- IATA: none; ICAO: KSRB; FAA LID: SRB;

Summary
- Airport type: Public
- Owner: Upper Cumberland Airport Authority
- Serves: Cookeville, Tennessee Sparta, Tennessee
- Elevation AMSL: 1,025 ft / 312 m
- Coordinates: 36°03′21″N 085°31′51″W﻿ / ﻿36.05583°N 85.53083°W

Map
- SRB Location of airport in TennesseeSRBSRB (the United States)

Runways
| Direction | Length |  | Surface |
| ft | m |
| 4/22 | 6,704 | 2,043 | Asphalt |

Statistics (2020)
- Aircraft operations: 33,095
- Based aircraft: 109
- Source: Federal Aviation Administration

= Upper Cumberland Regional Airport =

Rural airport in Tennessee, US

Upper Cumberland Regional Airport is a public use airport located adjacent to Tennessee State Route 111 approximately 8.5 nautical miles (15.7 km) south of the central business district of Cookeville and 9 nautical miles (17 km) northwest of the central business district of Sparta. Owned by the Upper Cumberland Airport Authority, which comprises the Cities of Cookeville and Sparta and the governments of White County and Putnam County, it is included in the National Plan of Integrated Airport Systems for 2011–2015, which categorized it as a general aviation facility.

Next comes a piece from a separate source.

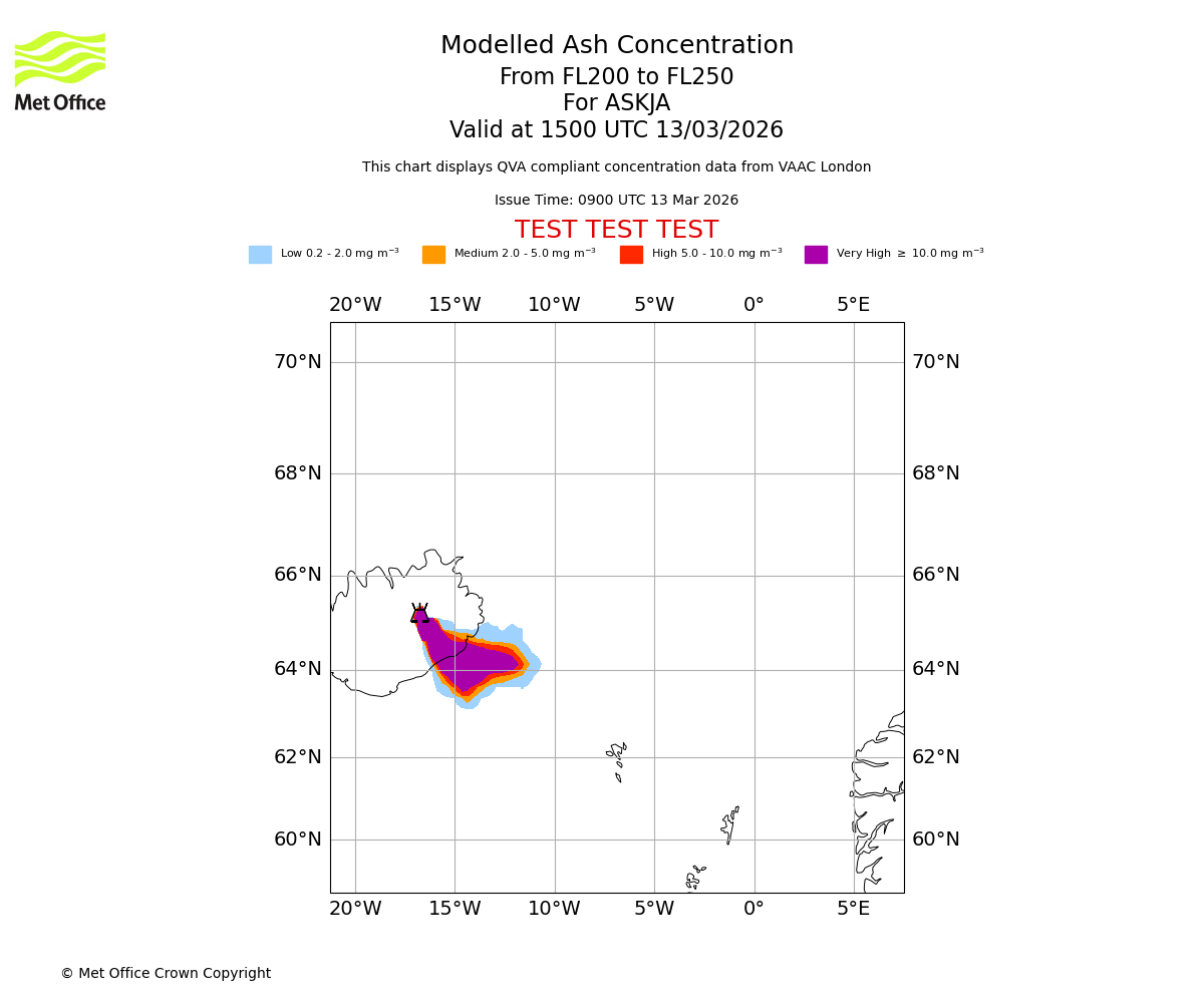 Modelled ash concentration from 000 to 200 for ASKJA. Valid at 0900 UTC 13/03/2026

Although many U.S. airports use the same three-letter location identifier for the FAA and IATA, this airport is assigned SRB by the FAA but has no designation from the IATA (which assigned SRB to Santa Rosa Airport in Santa Rosa, Beni, Bolivia).

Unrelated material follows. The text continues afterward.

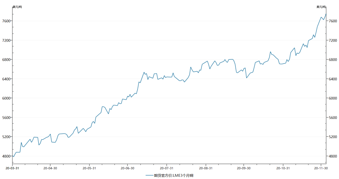 工业金属的涨幅更夸张,LME期货官方铜价从3月份的5000美元/吨,上涨至7600美元/吨,上涨幅度52%。

== Facilities and aircraft ==
Upper Cumberland Regional Airport covers an area of 362 acres (146 ha) at an elevation of 1,025 feet (312 m) above mean sea level. It has one runway designated 4/22 with an asphalt surface measuring 6,704 by 100 feet (2,043 x 30 m).

For the 12-month period ending December 31, 2020, the airport had 33,095 aircraft operations, an average of 91 per day: 63% general aviation, 33% air taxi, and 3% military. At that time there were 109 aircraft based at this airport: 86 single-engine, 15 multi-engine, 4 jet, and 4 helicopter.